**Data extract:**
============================================================

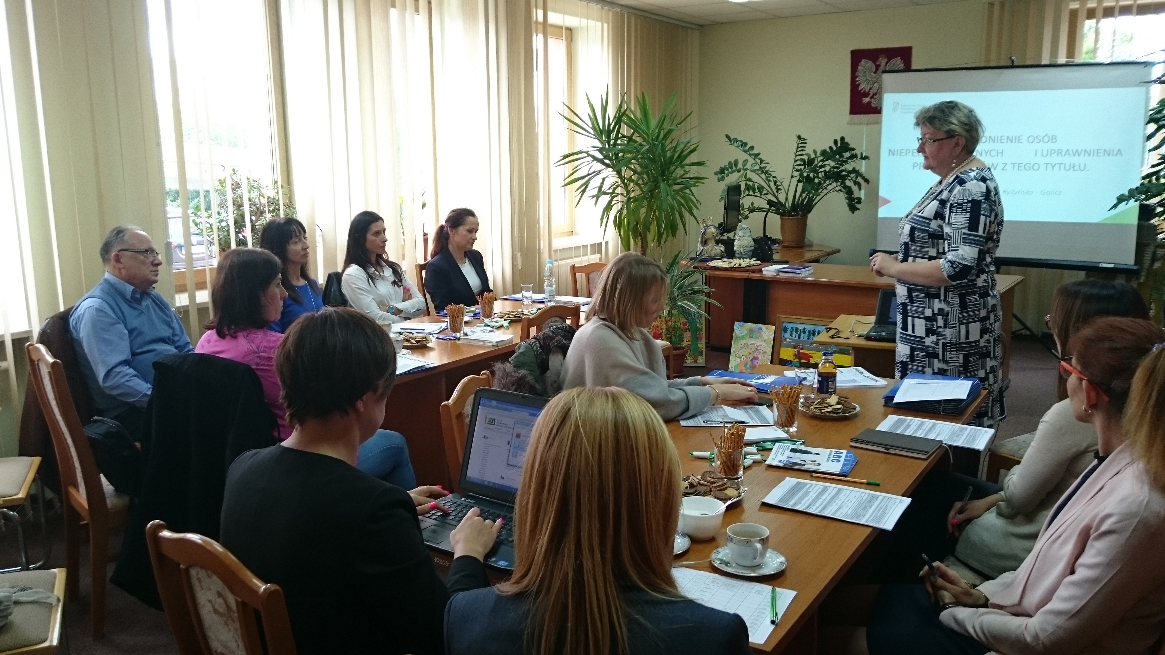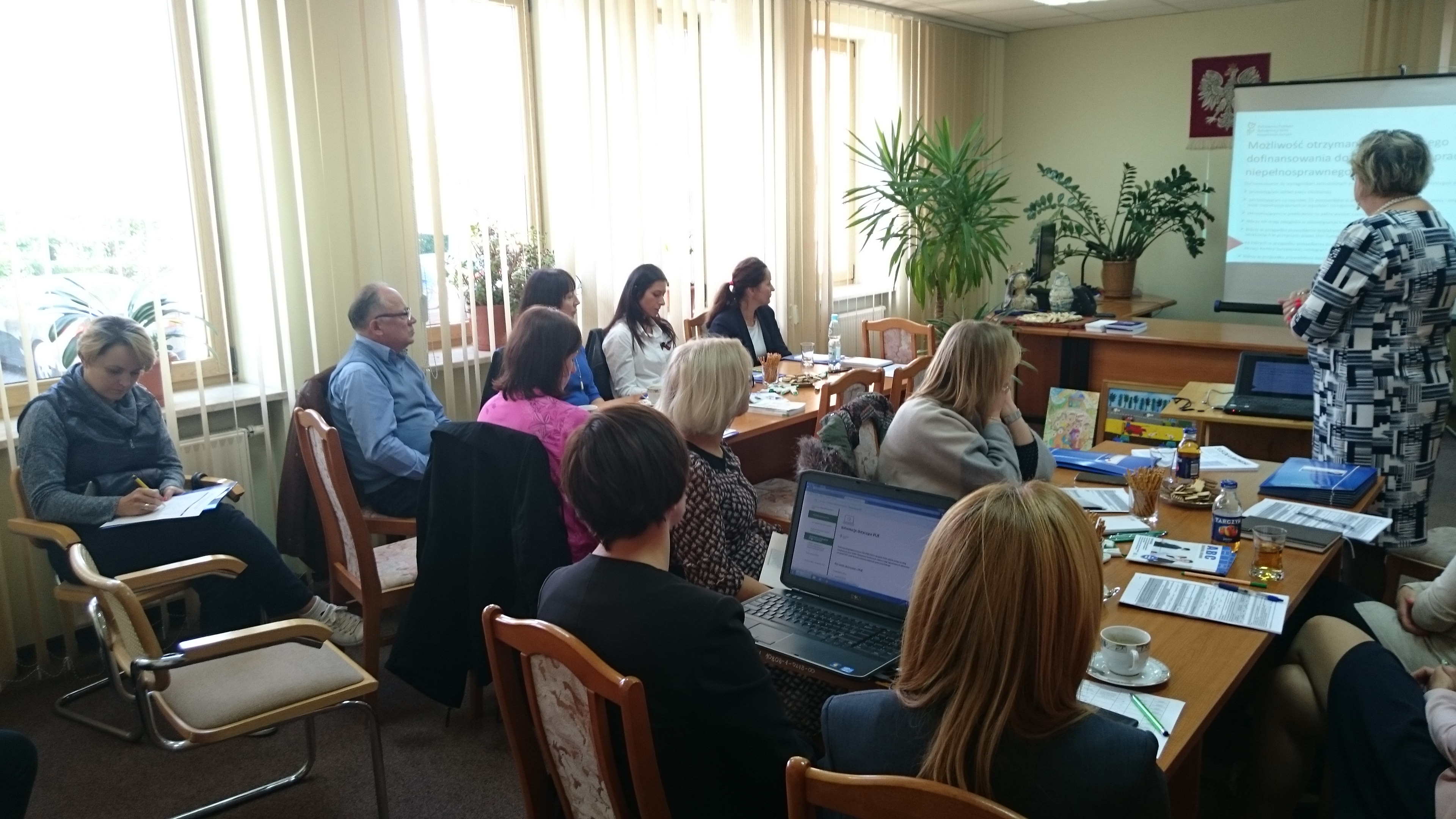 Uczestnikom spotkania, pracownik Oddziału Podlaskiego PFRON Alicja Ryżyńska-Galicz, przedstawiła warunki zatrudnienia osób z niepełnosprawnością oraz formy wsparcia tego zatrudnienia ze środków PFRON. Jednym z zagadnień było zapoznanie z obowiązującymi orzeczeniami o stopniu niepełnosprawności, wydanymi przez różne instytucje i sposobem przekładania się tych orzeczeń. Najszerzej omówiono dofinansowanie do wynagrodzeń pracowników z niepełnosprawnością ze szczególnym uwzględnieniem obowiązującej dokumentacji wymaganej przy tej formie pomocy.
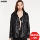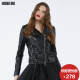 洪茹2017春装新款女装PU皮衣机车服短款黑色翻领机车皮衣夹克外套
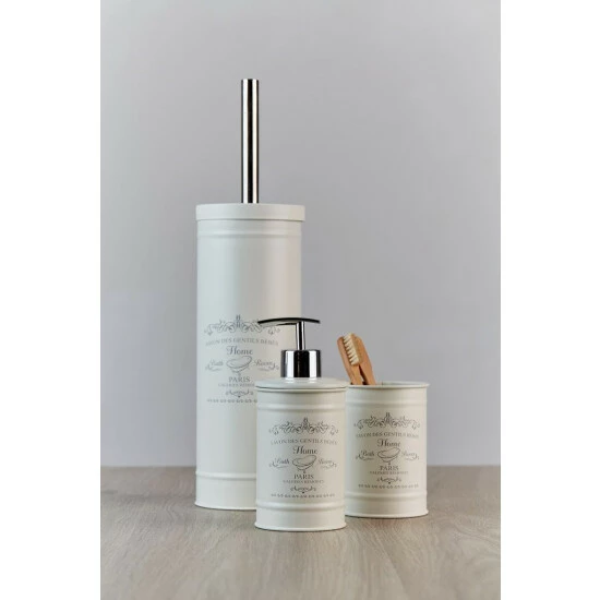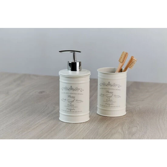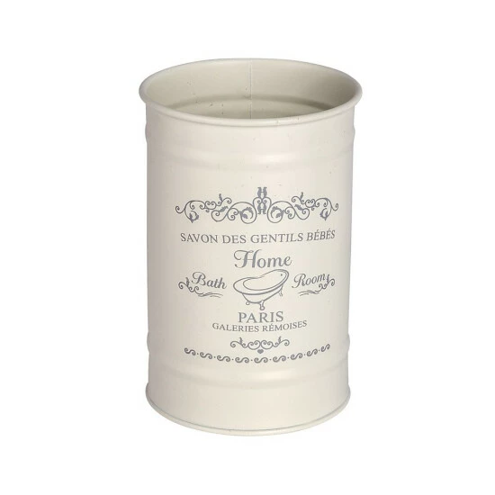 Zahnbürstenhalter aus der HOME PARIS Zubehörserie. Es ist aus hochwertigem lackiertem Stahl gefertigt. Es ist auch perfekt für die Aufbewahrung von Pasten, Kosmetika und anderen Badezimmeraccessoires. Stylisch, in der Farbe einer zarten Creme, mit einem attraktiven Druck, ideal für rustikale Interieurs und SPA-Salons.
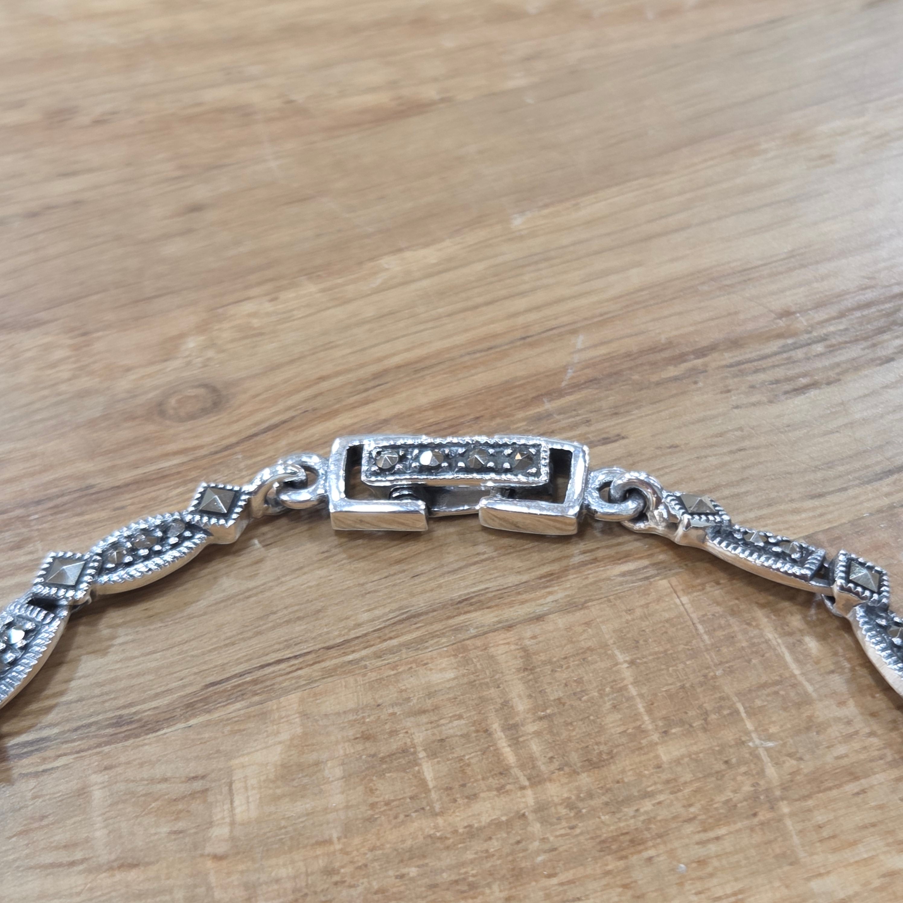 This striking silver bracelet features shimmering marcasite stones that catch the light beautifully, creating an elegant accessory perfect for any occasion. The sparkling gemstones add a touch of sophistication and timeless charm to your jewellery collection.

============================================================

**Task statement:** Print the data above exactly, minus pictures.

**Reply:**
 Uczestnikom spotkania, pracownik Oddziału Podlaskiego PFRON Alicja Ryżyńska-Galicz, przedstawiła warunki zatrudnienia osób z niepełnosprawnością oraz formy wsparcia tego zatrudnienia ze środków PFRON. Jednym z zagadnień było zapoznanie z obowiązującymi orzeczeniami o stopniu niepełnosprawności, wydanymi przez różne instytucje i sposobem przekładania się tych orzeczeń. Najszerzej omówiono dofinansowanie do wynagrodzeń pracowników z niepełnosprawnością ze szczególnym uwzględnieniem obowiązującej dokumentacji wymaganej przy tej formie pomocy.
 洪茹2017春装新款女装PU皮衣机车服短款黑色翻领机车皮衣夹克外套
 Zahnbürstenhalter aus der HOME PARIS Zubehörserie. Es ist aus hochwertigem lackiertem Stahl gefertigt. Es ist auch perfekt für die Aufbewahrung von Pasten, Kosmetika und anderen Badezimmeraccessoires. Stylisch, in der Farbe einer zarten Creme, mit einem attraktiven Druck, ideal für rustikale Interieurs und SPA-Salons.
 This striking silver bracelet features shimmering marcasite stones that catch the light beautifully, creating an elegant accessory perfect for any occasion. The sparkling gemstones add a touch of sophistication and timeless charm to your jewellery collection.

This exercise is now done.